▶ _PROVIDED MATERIAL_
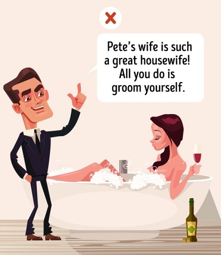 Không bao giờ so sánh người bạn đời của bạn với người chồng hoặc người vợ của người khác nếu sự so sánh đó nhằm chứng tỏ họ yếu kém hơn. Thay vì đặt ai đó làm ví dụ, hãy tập trung vào những ưu điểm tích cực mà người bạn đời của bạn có, để họ cảm thấy được sự tôn trọng từ đối phương.
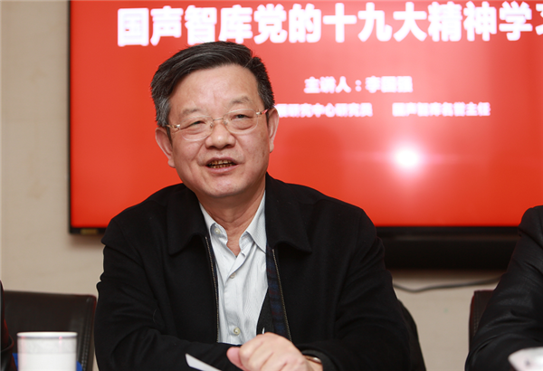 1月31日,国声智库“党的十九大精神学习班”在京举行第五次学习研讨。国务院发展研究中心研究员、国声智库名誉主任李国强担任主讲嘉宾,来自智库、金融、文化、企业、媒体等行业的代表约30人参加了学习。
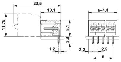 Корпусная часть для печатных плат, номинальный ток: 4 A, расчетное напряжение (III/2): 160 В, полюсов: 10, размер шага: 2,5 мм, цвет: зеленый, поверхность контакта: олово, монтаж: Пайка волной припоя

▶ _ACTIVITY_
Print verbatim every line above, apart from the pictures.

▶ _ANSWER TO THIS TASK_
 Không bao giờ so sánh người bạn đời của bạn với người chồng hoặc người vợ của người khác nếu sự so sánh đó nhằm chứng tỏ họ yếu kém hơn. Thay vì đặt ai đó làm ví dụ, hãy tập trung vào những ưu điểm tích cực mà người bạn đời của bạn có, để họ cảm thấy được sự tôn trọng từ đối phương.
 1月31日,国声智库“党的十九大精神学习班”在京举行第五次学习研讨。国务院发展研究中心研究员、国声智库名誉主任李国强担任主讲嘉宾,来自智库、金融、文化、企业、媒体等行业的代表约30人参加了学习。
 Корпусная часть для печатных плат, номинальный ток: 4 A, расчетное напряжение (III/2): 160 В, полюсов: 10, размер шага: 2,5 мм, цвет: зеленый, поверхность контакта: олово, монтаж: Пайка волной припоя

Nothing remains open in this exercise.